Klimawandel: Störung des Golfstroms nähert sich kritischer Schwelle
Eine Atlantik-Strömung, darunter der Golfstrom, soll an Stabilität verlieren, warnen Forscher. Die Strömung beeinflusst auch das Klima in Europa.
Das Wichtigste in Kürze
- Die Atlantische Umwälzströmung AMOC hat möglicherweise an Stabilität verloren.
- Diese Strömung beeinflusst auch das Klima in Europa.
- Ein Zusammenbruch hätte schwerwiegende Folgen.
Eine wichtige Atlantik-Strömung, zu der auch der Golfstrom gehört, nähert sich womöglich einer kritischen Schwelle. Die Atlantische Umwälzströmung AMOC hat möglicherweise an Stabilität verloren. Die Strömung ist in dem Ozean für den Austausch warmer und kalter Wassermassen verantwortlich. Dadurch wird das Klima in Europa beeinflusst.
Das schreibt Niklas Boers vom Potsdam-Institut für Klimafolgenforschung (PIK) im Fachmagazin «Nature Climate Change».
Strömung ist für Temperaturen verantwortlich
Die Atlantische Umwälzströmung ist ein komplexes Strömungssystem, das warmes Wasser aus den Tropen an der Ozeanoberfläche Richtung Norden befördert. Kaltes Wasser bringt es wiederum in grösserer Tiefe in den Süden.
In Westeuropa sorgt dieser Kreislauf für vergleichsweise milde Temperaturen, auch auf andere globale Regionen der Welt hat es Auswirkungen. Ein Zusammenbruch dieses wichtigen Systems hätte schwerwiegende Folgen für das weltweite und vor allem auf das europäische Klima.
Zirkulationssystem könnte zusammenbrechen
Die Strömung ist laut Studie momentan so schwach wie nie zuvor in den vergangenen 1000 Jahren.
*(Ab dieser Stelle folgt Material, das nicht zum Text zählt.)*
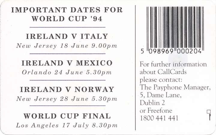 Advertising Callcard for Guinness to coincide with 1994 World Cup.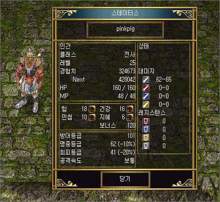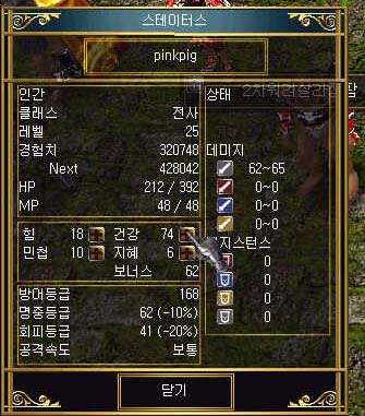 누적되었는지가 궁금했다. 일단 안전하게 마을로 텔레포트 한 후 [s]키를 눌러 캐릭터의 상태를 확인했다.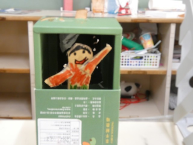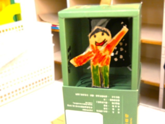 たんぽぽ1学級の教室訪問をしていたら、すてきな作品があったので紹介します。エレベーターだそうです。後ろには穴があって、きれいに光が入ってきます。ボタンも描いてあって、細かいところまでよくできた作品です。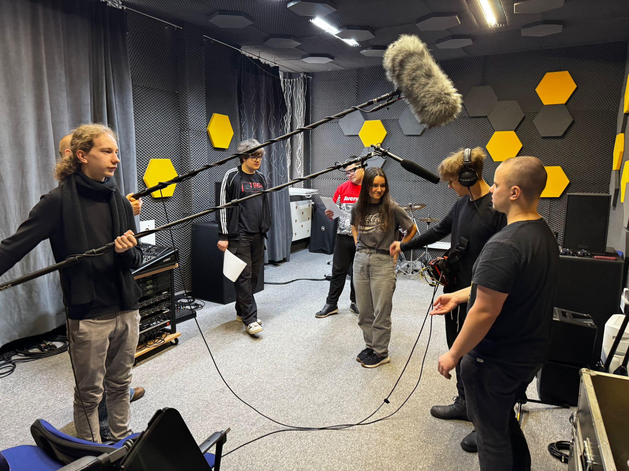 Każdy mógł poczuć się jak prawdziwy realizator, trzymając tyczkę mikrofonową i testując różne techniki nagrywania dźwięku na planie. Na koniec wspólnie zrealizowaliśmy scenkę, sprawdzając w praktyce, jak ważna jest precyzja w pracy dźwiękowca.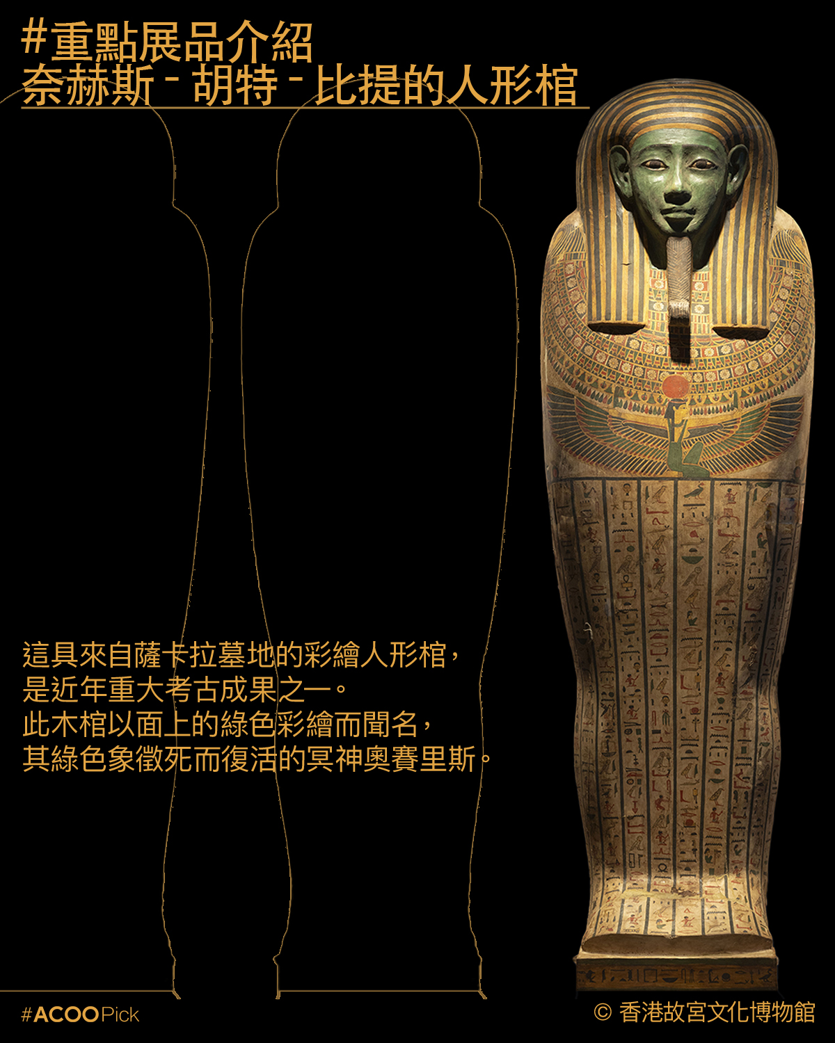 這具來自薩卡拉墓地的彩繪人形棺,是近年重大考古成果之一。此木棺以面上的綠色彩繪而聞名,其綠色象徵死而復活的冥神奧賽里斯。此木棺以面上的綠色彩繪而聞名,其綠色象徵死而復活的冥神奧賽里斯。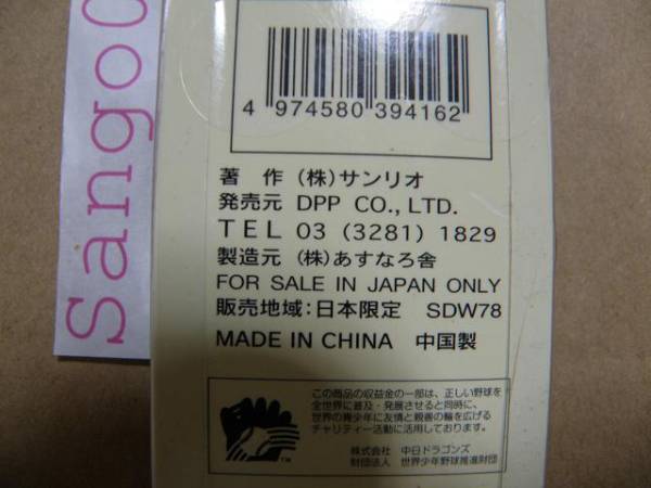 *『ハローキティ ショートストラップピッチャー 中日ドラゴンズサンリオ』のご案内です。販売地域日本限定で、現在は入手困難なお品です。 *商品の説明:ピッチャーの格好をしたキティちゃんです。ヒモには青い星の形と透明な玉のビーズが交互に連なっています。カバンのファスナー、PHSや携帯に取り付けることが出来ます。 ■品名:ハローキティ ショートストラップピッチャー 中日ドラゴンズ ■キティちゃんの大きさ:約2.4cm(金具含まず。) ■材質:部分的に塩化ビニル樹脂(非フタル酸可塑剤使用)を使用しています。 ■ヒモの長さ:約7.5cm ■重さ:約15g(ケースごとすべて含む。) ■著作:株式会社サンリオ ■発売元:DPP CO.,LTD. ■製造元:(株)あすなろ舎 ■販売地域:日本限定 ■生産国:中国製 ■定価:810円(税込) *正確な製造年がわかりませんが、台紙に1976,2006と記載されているので、おそらく2006年の製造だと思われます。(中央画像を参照下さい。) *画像と実際の商品の色合いは、多少違うかも知れません。またサイズは全て自宅で測りました。多少の誤差はご了承下さい。画像盗用防止の為、IDラベルが写っていますが、商品には付きませんので、ご安心下さい。 ★商品の状態は新品ですが、台紙に折れ、スレ、黄ばみ等があります。自宅保管で年月が経過していますので、神経質な方の入札はご遠慮下さい。★ ★送料はこちらで負担致します。『ゆうパケット(おてがる版)』を予定しています。保証はありませんが、追跡出来ます。それ以外の発送は別途料金頂きます。 ヤフーの『はこBOON』は、取り扱っていません。 その他の追跡や保障のある発送方法はご相談下さい。家の近くには、ゆうちょ銀行とヤマト運輸があります。★ ★万一届かなくても、責任は負いかねますので、以下の方は、クリックポスト便や定形外郵便、レターパックライト等、手渡しではない郵便物の発送はご遠慮下さい。 ・カギがないポスト。 ・封筒等はみ出してしまう小さなポスト。 ・留守がちで郵便物が一杯になってしまうポスト。 ・マンション等の集合ポストで、繋がっている簡易ポスト。 ・あて先名と表札名が異なるポスト。 ・住所、表札が出ていないポスト。 ・配達人がよく誤送するポスト。 上記の方は、ヤマト便やゆうパック、レターパックプラス等の配達人からの直接手渡しをお勧め致します。★ ・原則として、入札後・落札後のキャンセルは受付けませんので、ご了承下さい。 ・評価に不安のある方の入札は、こちらの判断により、取り消しさせて頂きます。 ・追跡・保証のない発送は致しません。 ・振込み手数料はご負担ください。 ・手渡し取引は致しません。 ・落札後は、終始取引ナビにてお願い致します。(メール不可) ・落札後のトラブル回避の為にも、気になる点はご質問下さい。 | |||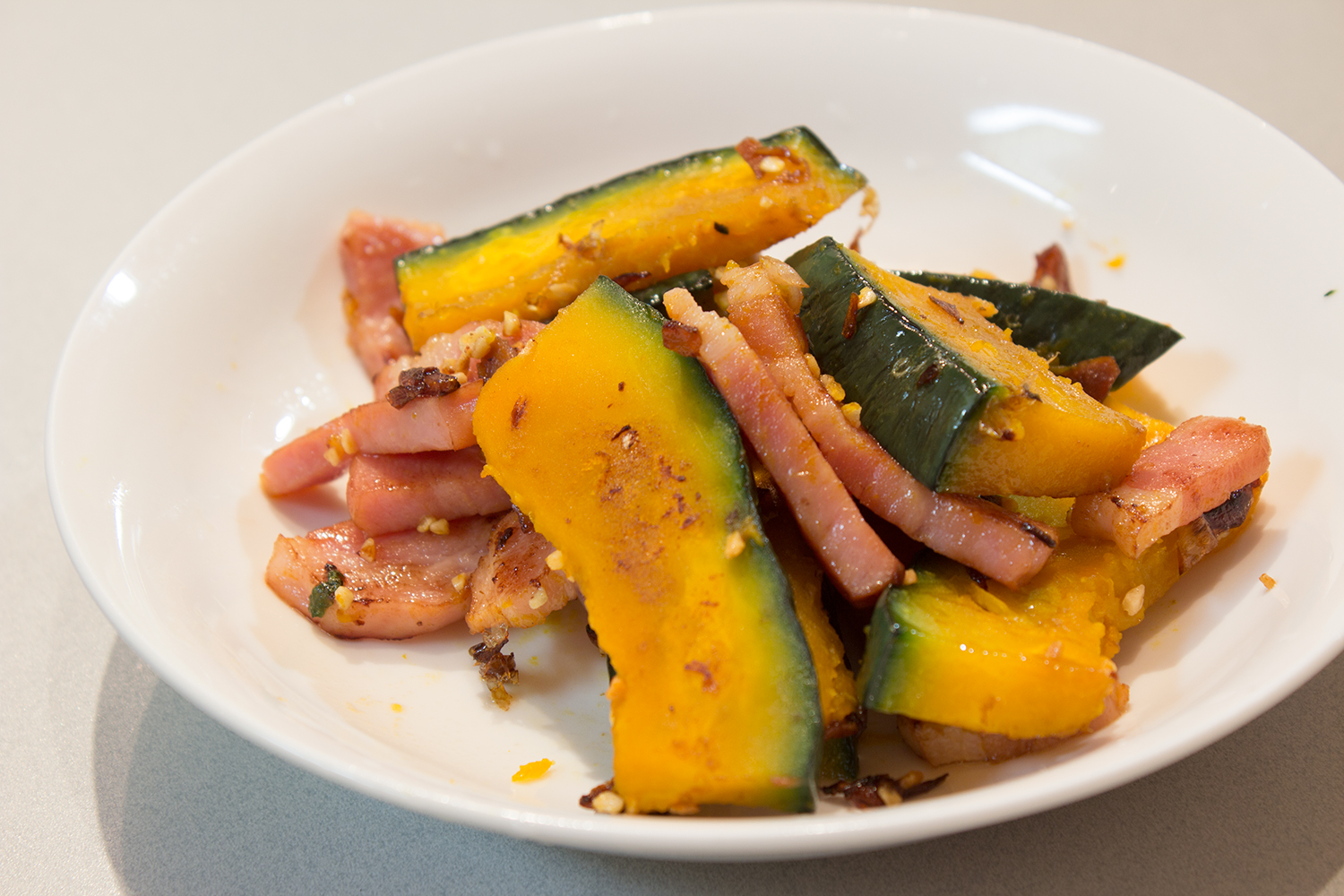 かぼちゃの活躍する季節です。北海道産のかぼちゃ、甘みがたっぷりでほくほくです。旬を味わう感満載。ベーコンとの相性もグッドです。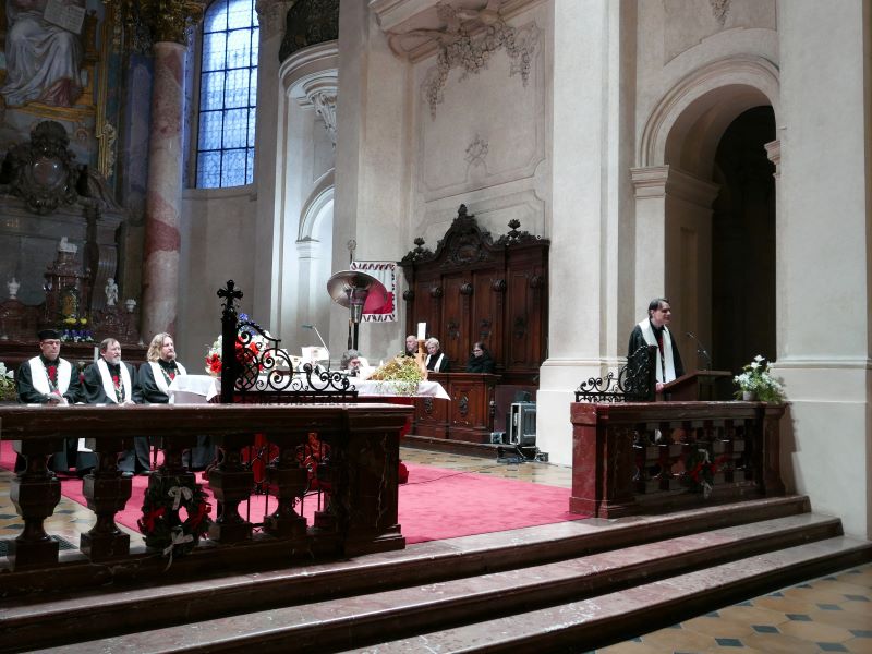 Bohoslužbu sloužil společně biskupský sbor, kázal plzeňský biskup Lukáš Bujna.

Unklar ist jedoch, ob dahinter nur eine Veränderung des mittleren Zirkulationszustands. Oder aber ein wirklicher Verlust an dynamischer Stabilität steckt.
Dieser Unterschied sei entscheidend, erläutert Boers in einer Mitteilung. Eine Verringerung der Stabilität würde heissen, dass sich die Atlantik-Strömung der kritischen Schwelle angenähert habe. So könnte das Zirkulationssystem zusammenbrechen.
Um das zu beleuchten, hat sich Boers sogenannte Fingerabdrücke in Temperatur- und Salzgehaltmustern auf der Atlantik-Oberfläche angeschaut. Analyse deute darauf hin, dass Abschwächung der AMOC wahrscheinlich mit Stabilitätsverlust verbunden ist. Dies schreibt das PIK dazu.
Reaktion steht mit Klimawandel in Verbindung
Faktoren, die auf die Strömung einwirken, sind neben den direkten Auswirkungen der Atlantik-Erwärmung unter anderem: Der Zufluss von Süsswasser durch schmelzende Eismassen, zunehmender Niederschlag und Wasser aus Flüssen. Dass diese Süsswassermengen bereits eine solche Reaktion hervorrufen würden, hätte er nicht erwartet, erklärte Boers. Die Faktoren müssten zwar noch näher untersucht werden. Klar sei jedoch schon jetzt, dass sie mit dem menschgemachten Klimawandel in Verbindung stünden.
Golfstrom: Anzeichen für Stabilitätsverlust
Wann sich die Strömung genau abschwäche, sei sehr schwer abzuschätzen, erläuterte Boers der Deutschen Presse-Agentur. «Es hängt erstmal davon ab, wie viel CO2 freigesetzt wird und wie stark die Temperaturen dadurch steigen.» Zudem gebe es Unsicherheiten etwa darüber, wie viel wärmer es in der Arktis werde. Oder auch, wie stark der Süsswasserfluss in den Atlantik durch den Temperaturanstieg zunehme.
Das Entscheidende der Studie sei, dass an früher und deutlicher Anzeichen für Stabilitätsverlust sieht, betonte Boers. «Das heisst, das System bewegt sich hin zum kritischen Schwellenwert. Und jedes Gramm CO2, das noch freigesetzt wird, erhöht die Wahrscheinlichkeit, dass die AMOC irgendwann den kritischen Wert erreicht.» Wenn der kritische Punkt überschritten werde, werde die AMOC innerhalb weniger Jahrzehnte weitgehend zum Erliegen kommen.